How many of ya'll have the "Call from site" stuck on WO's, the when you do, you get a voice mail, an 2-3 days later the Rep finally returns your call...


----------



## BPWY (Apr 12, 2012)

Sounds about right.


----------



## REO2Rentals (Sep 18, 2012)

JFMURFY said:


> How many of ya'll have the "Call from site" stuck on WO's, the when you do, you get a voice mail, an 2-3 days later the Rep finally returns your call...


Sorry - Why you need to "Call from site"?


----------



## BPWY (Apr 12, 2012)

Any number of reasons.



One would be to clarify their vague w/o instructions.


----------



## REO2Rentals (Sep 18, 2012)

BPWY said:


> Any number of reasons.
> 
> 
> 
> One would be to clarify their vague w/o instructions.


Which mean they not sure if the property needs service or not?

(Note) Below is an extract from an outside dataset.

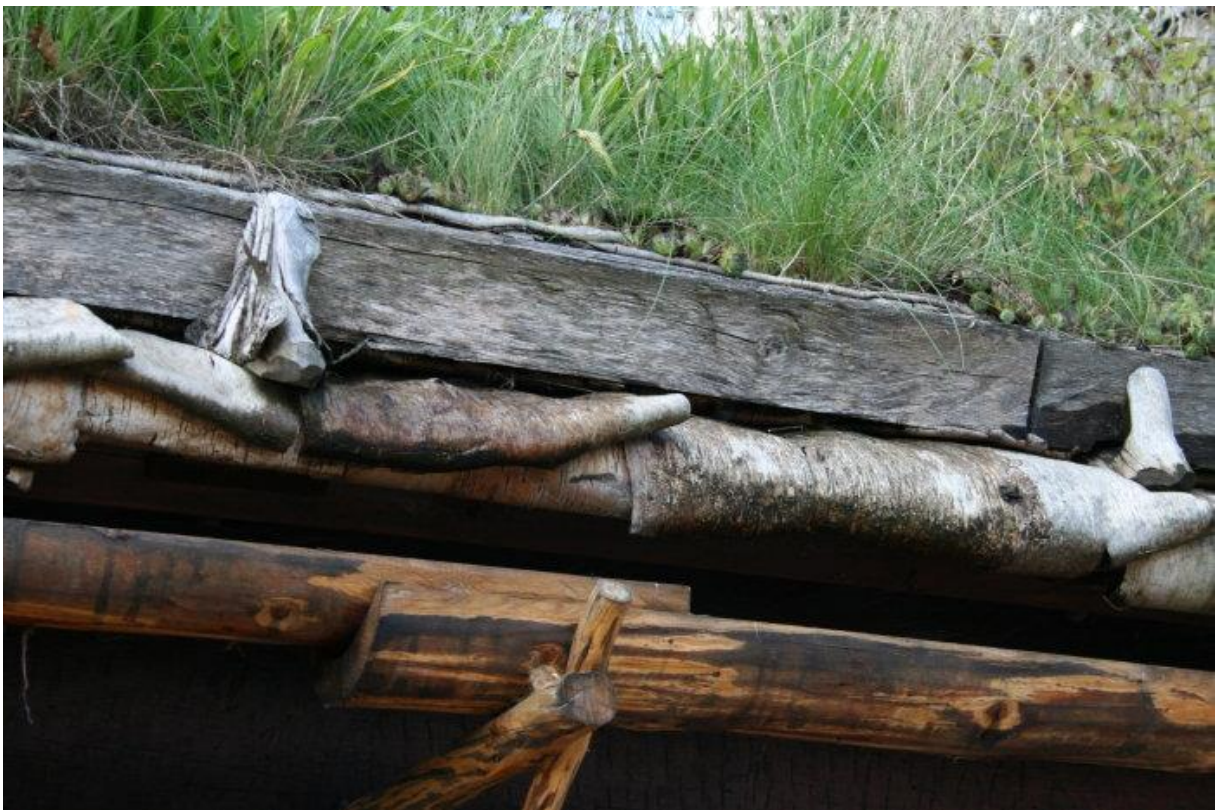
Takfot med näver och torv.

That's waste of precious time and not to mention phone $$$


----------



## SwiftRes (Apr 12, 2012)

MichiganREO said:


> Sorry - Why you need to "Call from site"?


Bid approvals from site on things like an overgrown yard, roof work, sump work, etc


----------



## REO2Rentals (Sep 18, 2012)

SwiftRes said:


> Bid approvals from site on things like an overgrown yard, roof work, sump work, etc


Thanks The problem with that when you call these clown - just go straight to voicemail......


----------



## Splinterpicker (Apr 18, 2012)

JFMURFY said:


> How many of ya'll have the "Call from site" stuck on WO's, the when you do, you get a voice mail, an 2-3 days later the Rep finally returns your call...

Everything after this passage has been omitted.